I believe that 5.500 pounds is the cutoff value, such that babies at or below this weight are classified as having a “low” birthweight and any babies above this weight are classified as “not low”. I believe this answer is correct because as seen in the dataframe the seven babies of weight 5.500 pounds were all grouped as having “low” birthweights, while the five with a weight of 5.560 pounds, only .06 pounds more, were all grouped as “not low”. This is a difference of less than one tenth of a pound, showing the two values are very close yet exist on different sides of the cutoff. A cutoff value of 5.500 is exactly half way betwen 5 and 6 pounds, making it more straightforward than other possible decimal values to mark as a cutoff point in determining this variable.
Pick a pair of numerical and categorical variables from the ncbirths
dataset and come up with a research question evaluating the relationship between these variables. Formulate the question in a way that it can be answered using a hypothesis test and/or a confidence interval.
Is there a significant difference between the average weights of male and female babies?
\(H_0 : \mu_d = 0\)
\(H_A : \mu_d \neq 0\)
#Creating a subset of male and female babies
male_babies <- subset(ncbirths, ncbirths$gender == "male")
female_babies <- subset(ncbirths, ncbirths$gender == "female")
#Storing the mean weight and standard deviation of male and female babies
mn_male_wt <- mean(male_babies$weight, na.rm = TRUE)
mn_female_wt <- mean (female_babies$weight, na.rm = TRUE)

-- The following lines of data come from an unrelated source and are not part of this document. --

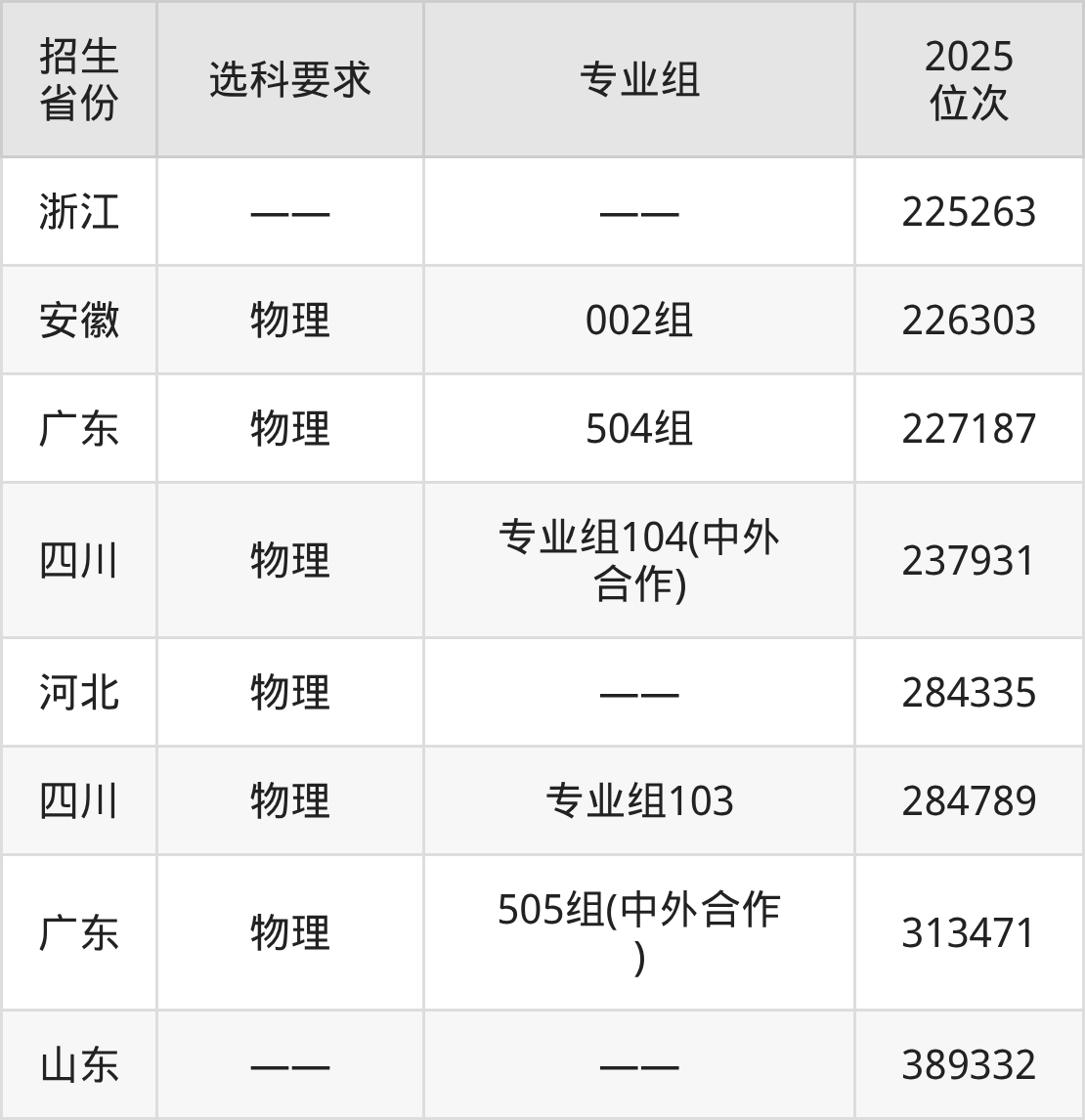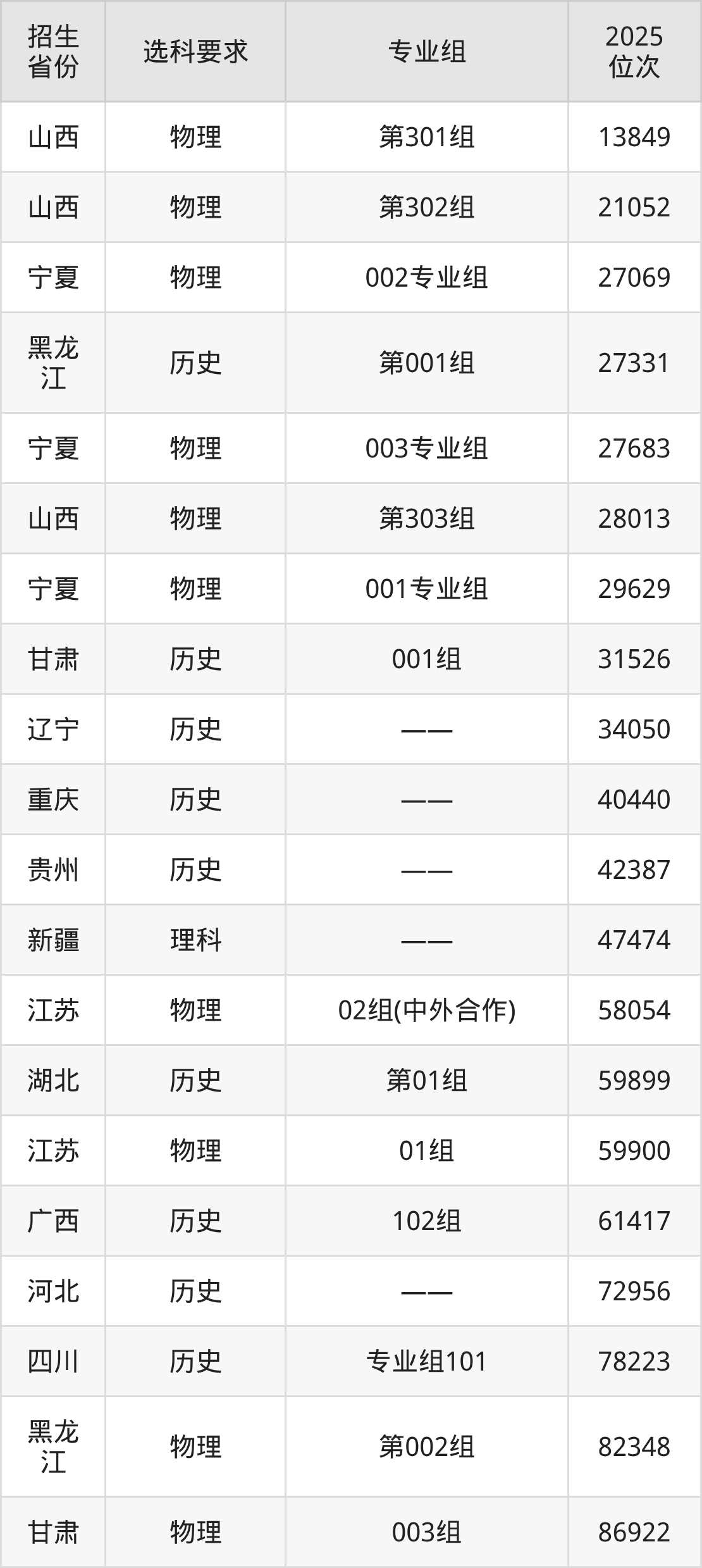 重慶工程職業(yè)技術學院2025年在全國各省的位次差異較大,最高位次是13849位(山西物理類)、最低位次是389332位(山東)。各省具體位次請看下圖: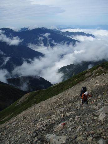 聖岳、兔岳への登りが結構あるのでのんびりと高度を稼ぎました。天候も良くて眺めが最高でした。兔岳から百閒洞山の家までの歩きは疲れました。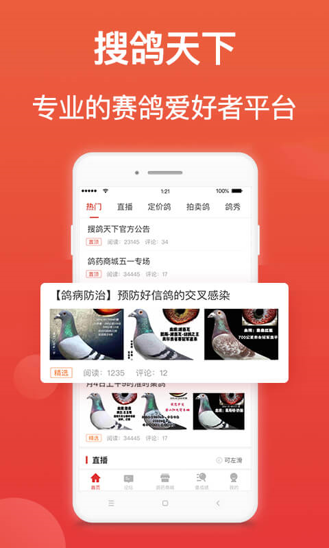 搜鸽天下App内实时进行赛事直播,及时更新比赛数据,用户可查看每场比赛的奖金数据、成绩以及指定项数据,了解最新状况。搜鸽天下还是一个鸽子交易平台,提供定价鸽和拍卖鸽两板块,用户可以在此挑选喜欢的鸽种,开始自己的养鸽之路!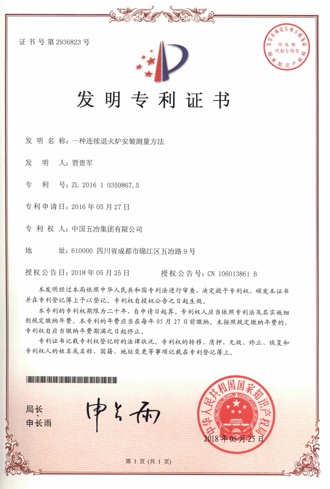 一種連續(xù)退火爐安裝測量方法 ZL 201610359867.5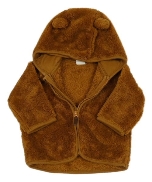 Medová chlupatá propínací mikina s kapucí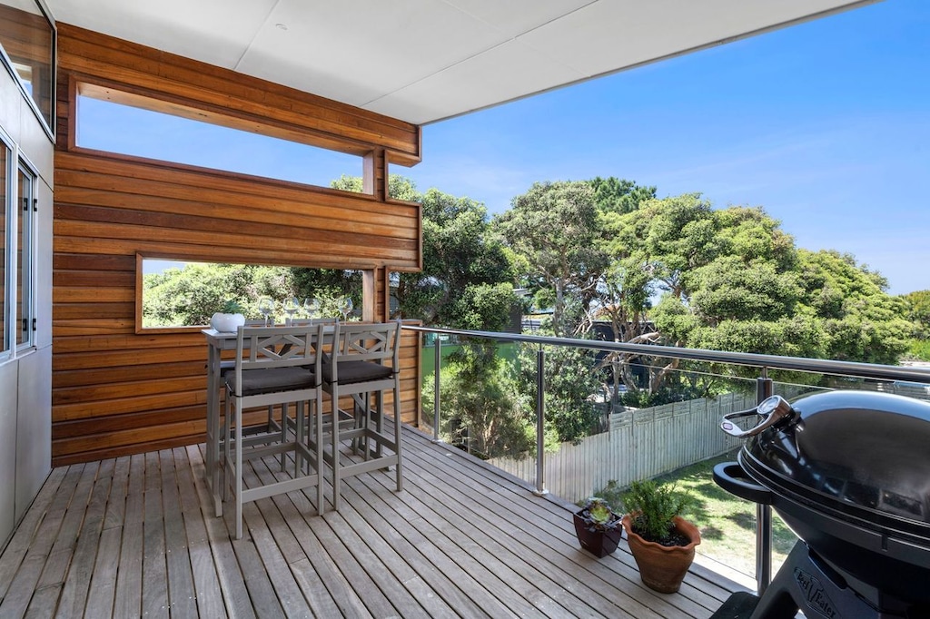 Featuring a light-filled living area and well-appointed kitchen with stainless steel appliances, you’ll enjoy the meticulous attention to detail. Open plan living and dining opens out to a covered deck with outdoor seating for 4 and a Weber BBQ, perfect for relaxing with friends or family on balmy summer evenings.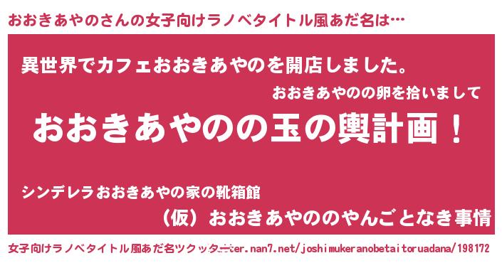 | ヘコむあだ名 | 『おおきあやの(爆)』『おおにゅー』 |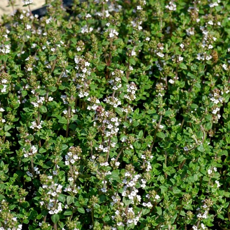 Juli-september. Aromatiske, stedsegrønne timian med små, mørkegrønne blade. Får små rosa blomster, som tiltrækker bier og andre nytteinsekter.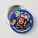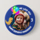 Customisable photo, name, age and text - HAPPY BIRTHDAY / WE LOVE YOU - button. Blue frame with white font and a cute dino is holding balloons. Adorable keepsake.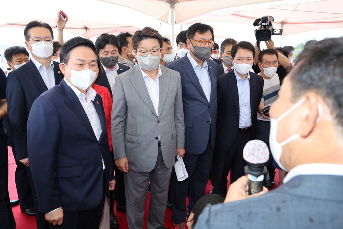 | ▲ 국민의힘 권성동 원내대표와 성일종 정책위의장 등 지도부가 3일 오전 세종시 세종동 국회 세종의사당 예정부지를 방문, 최민호 세종시장으로부터 설명을 듣고 있다. 앞줄 왼쪽부터 원희룡 국토교통부 장관, 권 원내대표, 정진석 국회부의장, 성 정책위의장. 2022.8.3 |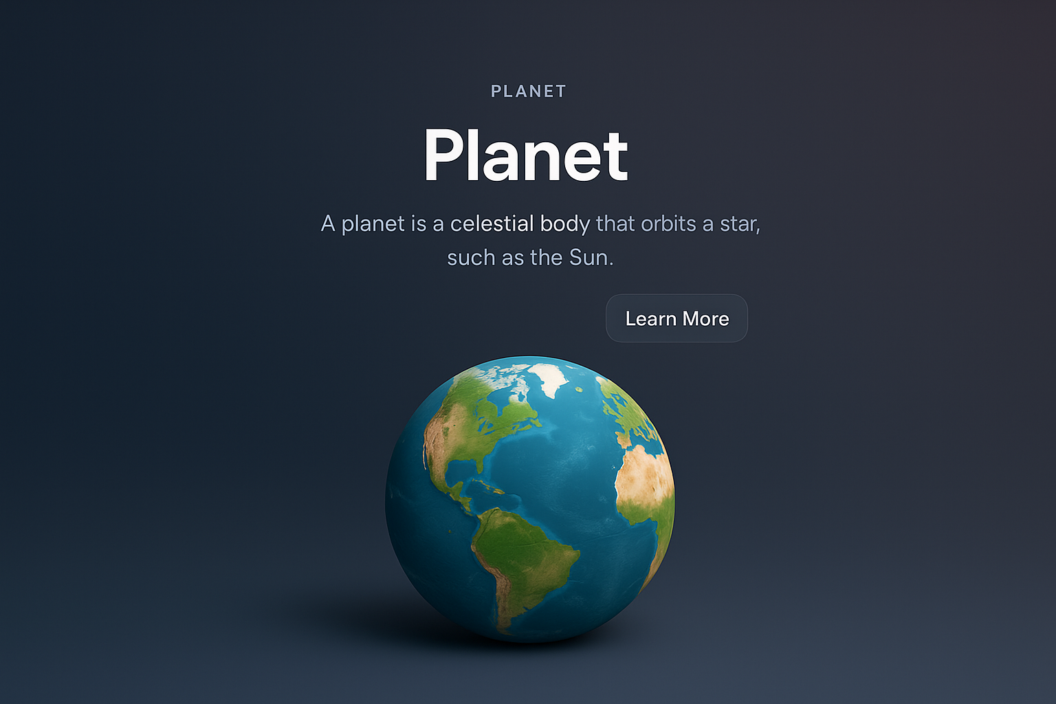 /Collection: /by davooda/Type: PNG/A visually rich 3D illustration of a small planet set against a dark gradient background. It features a globe with detailed landmasses and text elements including a title and description.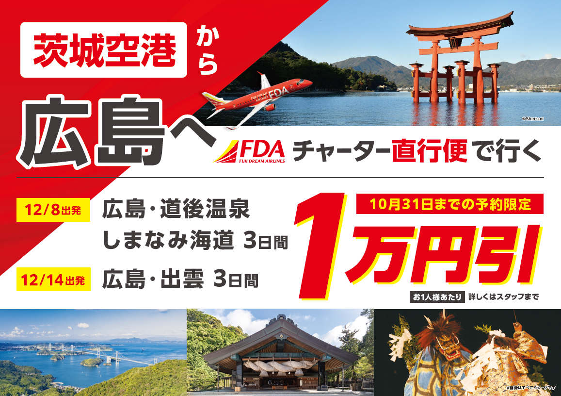 チャーター直行便で行く 広島・道後温泉・しまなみ海道 3日間
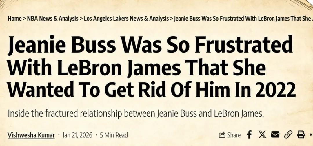 就在媒体、球迷纷纷解读,这番言论是否会引发球队更衣室动荡的时候,ESPN记者Baxter Holmes又撰文爆料,球队小老板珍妮·巴斯已经对詹姆斯不满许久,双方关系很差,巴斯甚至考虑过交易詹姆斯。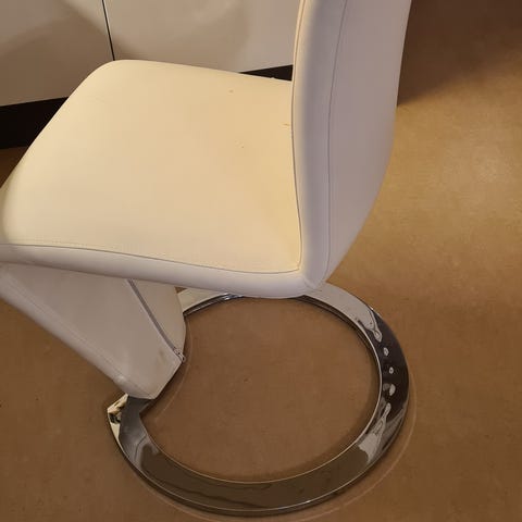 Mio stol "Jack" från 2018. Vit fauxläder med krombas.
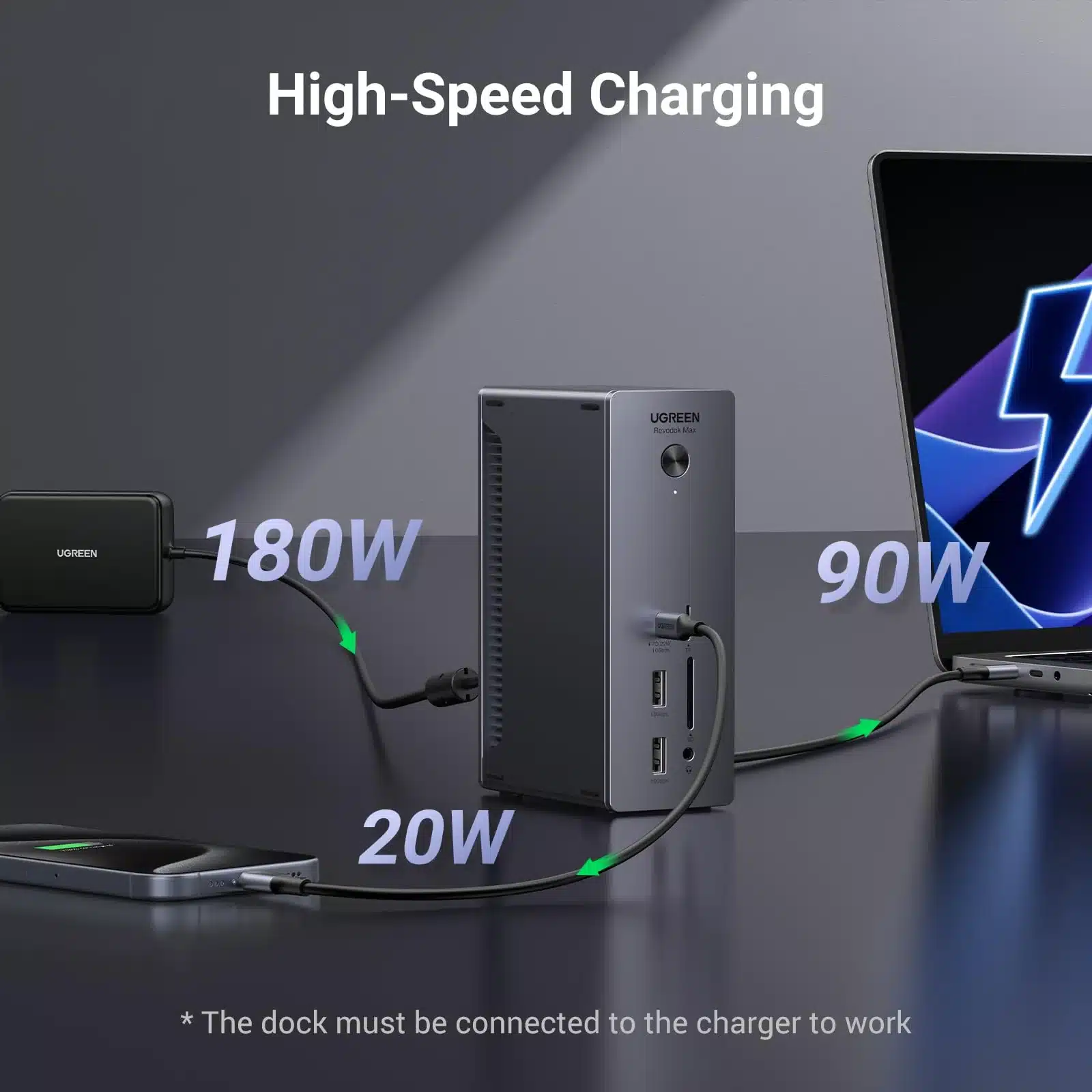 - 90 Watt oplaadfunctie: hiermee laadt u gelijktijdig uw laptop of MacBook op tot wel 90W.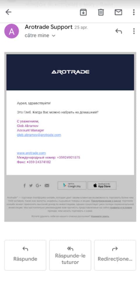 Данные контактов жуликов, которые проводили лохотрон: почты support@arotrade com и valentina.zueva@arotrade com, телефон 35924950556.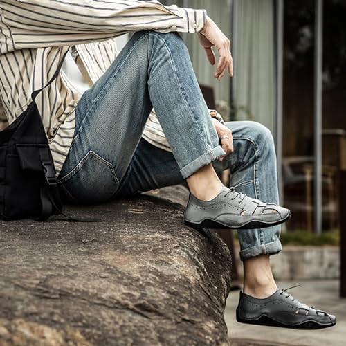 Men's Lace Up Handmade Fashion Sport Sandals, Closed Toe Casual Summer Fisherman's Shoes, Weave Soft Beach Shoes(Gray,6) 7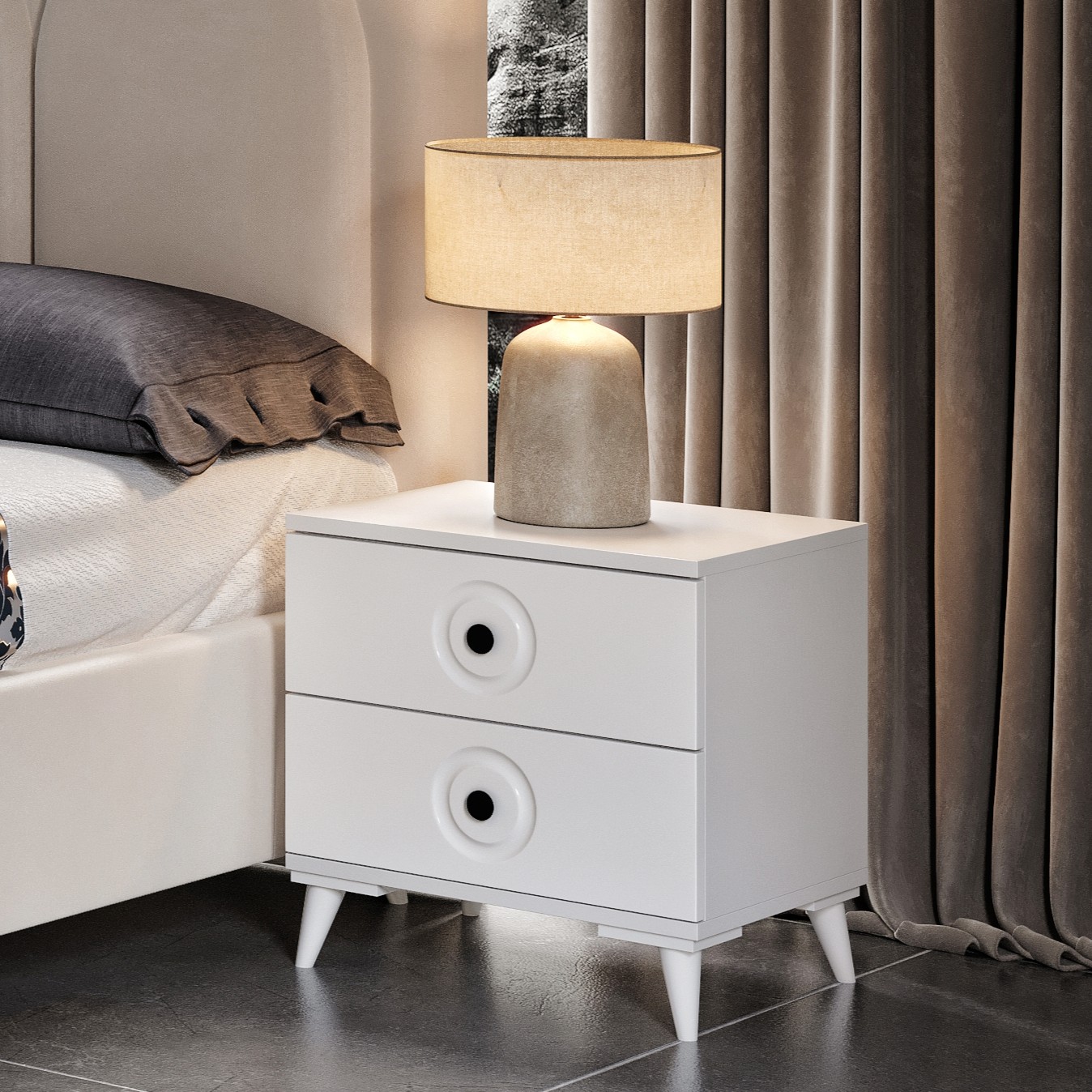 Oslo Beyaz Komodin, modern yatak odalarının ihtiyaçlarına estetik ve fonksiyonel bir çözüm sunar. Tamamen MDF gövdesi ve şık beyaz membran kaplamalı yüzeyi ile uzun yıllar dayanıklılık sağlar. Frenli teleskopik raylı çekmeceleri sayesinde sessiz ve konforlu kullanım imkânı sunar. Minimalist tasarımıyla hem klasik hem modern dekorasyon stilleriyle uyum sağlar.

sd_male_wt <- sd(male_babies$weight, na.rm = TRUE)
sd_female_wt <- sd(female_babies$weight, na.rm = TRUE)
#Storing the mean difference of male and female babies
mn_diff_babywt <- (mn_male_wt - mn_female_wt)
#Calculating the sample size of male and female babies
table(is.na(male_babies$weight))
##
## FALSE
## 497
table(is.na(female_babies$weight))
##
## FALSE
## 503
#Storing the standard error
SE_b_wt <- sqrt((sd_male_wt^2/497)+(sd_female_wt^2/503))
#Finding the test statistic
(mn_diff_babywt - 0)/SE_b_wt
## [1] 4.211303
#Finding the p-value
pt(4.211303, df=496, lower.tail = FALSE)*2
## [1] 3.015765e-05
The p-value (3.015765e-05) is less than alpha (0.05), and we therefore reject the null hypothesis in favor of the alternate hypothesis.
The data suggests that there is indeed a difference between the average weight of male and females babies.